Some individuals also carried minor genetic contributions from the lowland populations in northern East Asia, revealing complex genetic interactions between highland groups and outside communities.
Located on the northern slope of the central Himalayas, the Mabucuo site was discovered in 2019. Since 2020, a joint archaeological team led by the Institute for Cultural Relic Conservation of the Xizang autonomous region and including Lanzhou University, the Institute of Tibetan Plateau Research of CAS, the National Archaeological Research Center, and Peking University, has conducted five consecutive seasons of scientific excavation.
The team applied a multidisciplinary approach: analyzing aDNA, identifying animal bones through morphology and aDNA, conducting carbon and nitrogen stable isotope studies, and examining plant remains. This comprehensive research has been published in Nature Ecology & Evolution.
Professor Yang said the findings reveal the indigenous populations of the Qinghai-Xizang Plateau had established a settled lifestyle centered on lake resources at Mabucuo as early as 4,400 years ago. This discovery provides crucial evidence about the timing and nature of human adaptation to high-altitude environments, underscoring the importance of interdisciplinary collaboration in environmental archaeology.

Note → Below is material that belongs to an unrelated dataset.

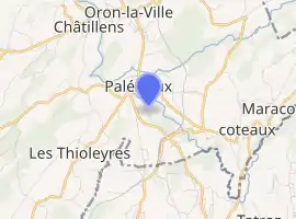Palézieux is located below the confluences of the Broye and the smaller Mionne and Biorde rivers, and has two main settlements: Palézieux-Village and Palézieux-Gare. The Village is situated at an elevation of 634m, and is 1.7 kilometres (1.1 mi) (by road) to the northwest of Palézieux-Gare, which is at 676m. Palézieux-Gare is the smaller settlement but is a notable railway junction, and is named for the railway station there. There is a post office at Palézieux-Gare.[2] The hamlet of Serix, at 660m above sea level, is 1.3 kilometres (0.81 mi) (by road) to the northeast of Palézieux-Village.

Shargan Wangdue, deputy head of the Institute for Cultural Relic Conservation of Xizang autonomous region and field director of the Mabucuo excavation, who oversaw the entire project, said radiocarbon dating has established a continuous chronological sequence across different excavation areas, indicating that the early settlements were deliberately planned.

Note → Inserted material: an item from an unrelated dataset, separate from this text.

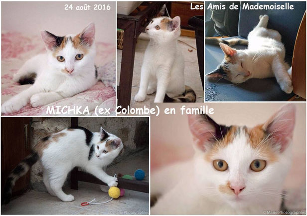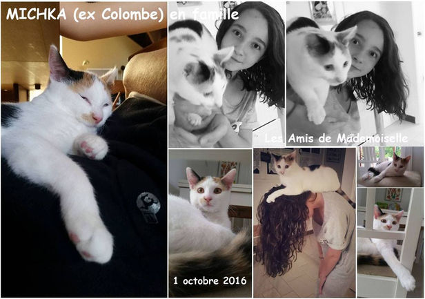 COLOMBE a été adoptée le 12 août 2016 par Marie-Laure, Frédéric et leurs enfants et a été rebaptisée MICHKA.

Due to its location at the crossroads between the Qinghai-Xizang Plateau and South Asia, the Mabucuo site served as a vital cultural exchange hub. Excavations uncovered a range of foreign artifacts in well-defined archaeological layers, including rice, seashells, ivory, sheep, bronze items and red carnelian. These finds fill critical gaps in our understanding of long-distance cultural interactions and offer valuable context for studying the development and continuity of local cultures.